Just one question; you got propofol??
When I got my colonoscopy I got a bit of wood (no leather straps - BSE don'tcha know) to bite on.
Seriously, how far up do you guys go? I was working on the day, went along had the procedure and after a suitable time went back to work.
Hope everything was OK and nothing found.
Just one question; you got propofol??When I got my colonoscopy I got a bit of wood (no leather straps - BSE don'tcha know) to bite on.
Reminds me of a time when no comfort meds were used with colonoscopies:
Back in 1986, an extremely hard-of-hearing elderly Patient was to undergo a Colonoscopy. We were in a closed room, so I felt comfortable SPEAKING VERY LOUDLY!I explained every portion of the procedure in minute detail. The Patient would reply now and then with "uh huh" indicating understanding.

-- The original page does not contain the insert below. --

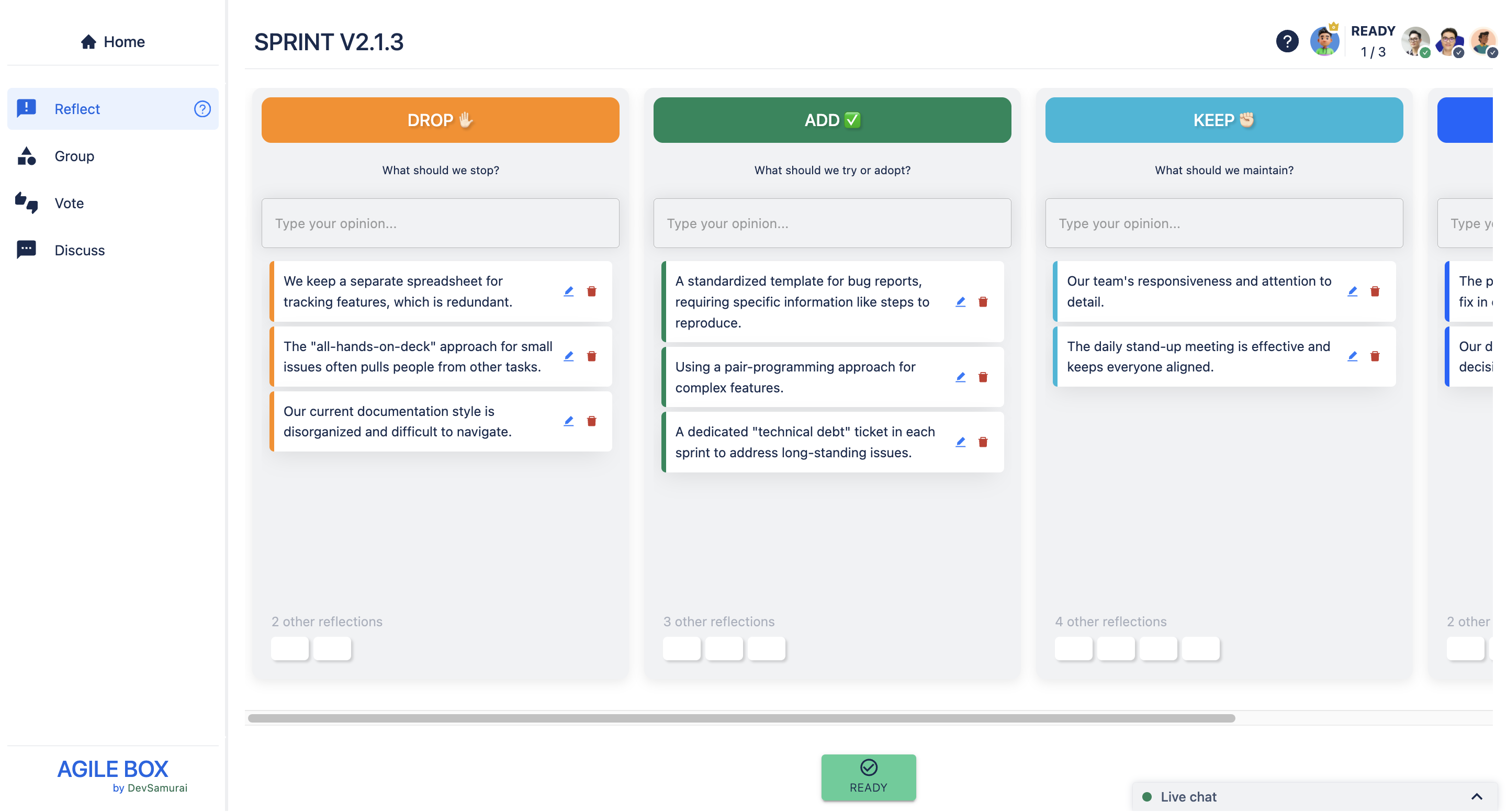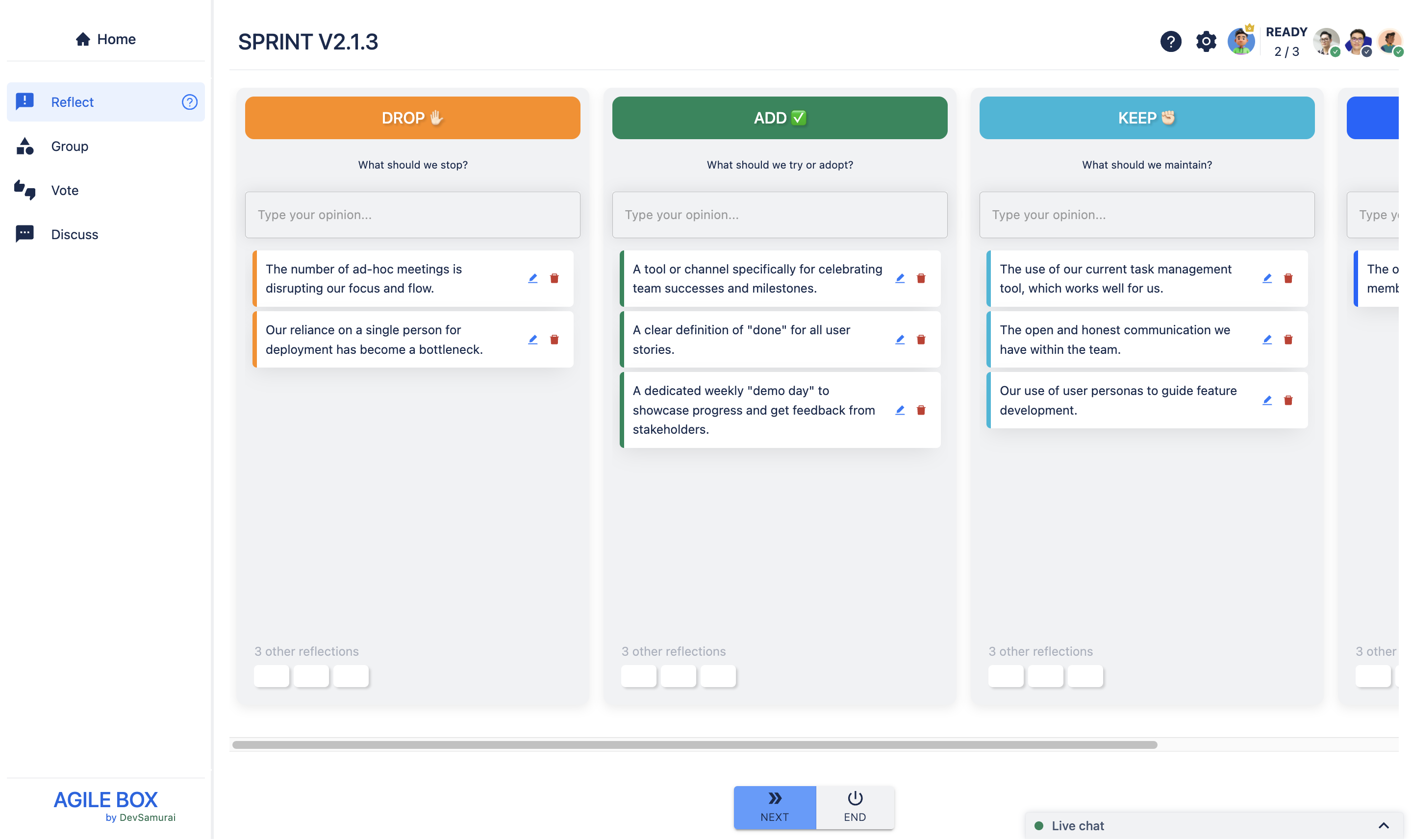 All participants type their reflections in the relevant columns. You can add as many reflection cards as you like and edit or delete your own reflections anytime during this stage.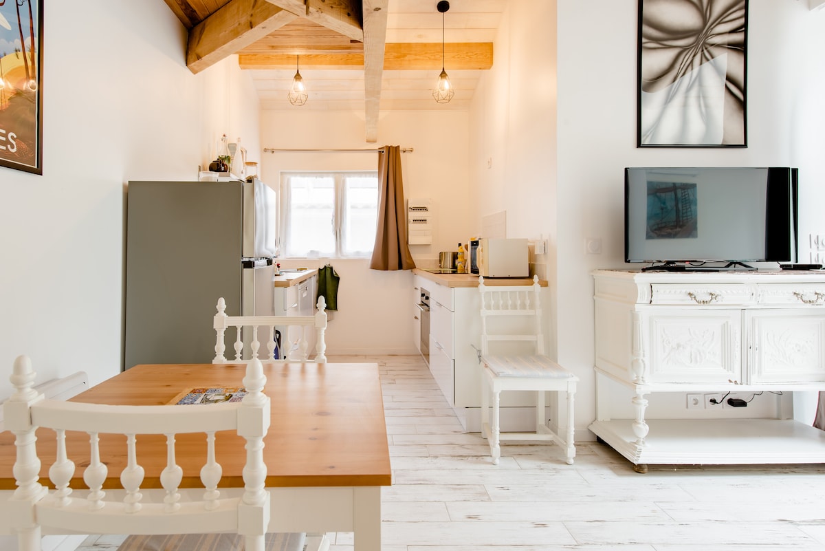Üdvözlünk a gyönyörű, újonnan felújított Landes pajtánkban, amely a fenséges Landes partvidék szélén található. A természet szerelmeseinek, családoknak vagy baráti társaságoknak ideális pajtánk a rusztikus báj és a modern kényelem tökéletes keverékét kínálja. Közel a békés Biscarrosse-tóhoz, amely tökéletes úszáshoz, vízi sportokhoz és kikapcsolódáshoz. Mimizan és Biscarrosse homokos strandjai közelében. A Veloysée kerékpárútjai közelében.

FIRST, THE DOCTOR WILL SPREAD YOUR CHEEKS ! "uh huh" THEN THE DOCTOR WILL APPLY THE LUBRICANT! "uh huh" THEN THE DOCTOR WILL INSERT THE SCOPE! "uh huh". Through the entire explanation of the Procedure.
Silently, the stone faced Doctor walked into the room and without a word, sat down, spread the Patient's cheeks, applied lubricant, and readied the scope for insertion.
HERE IT COMES! I yelled.
The Doctor lost it, laughing.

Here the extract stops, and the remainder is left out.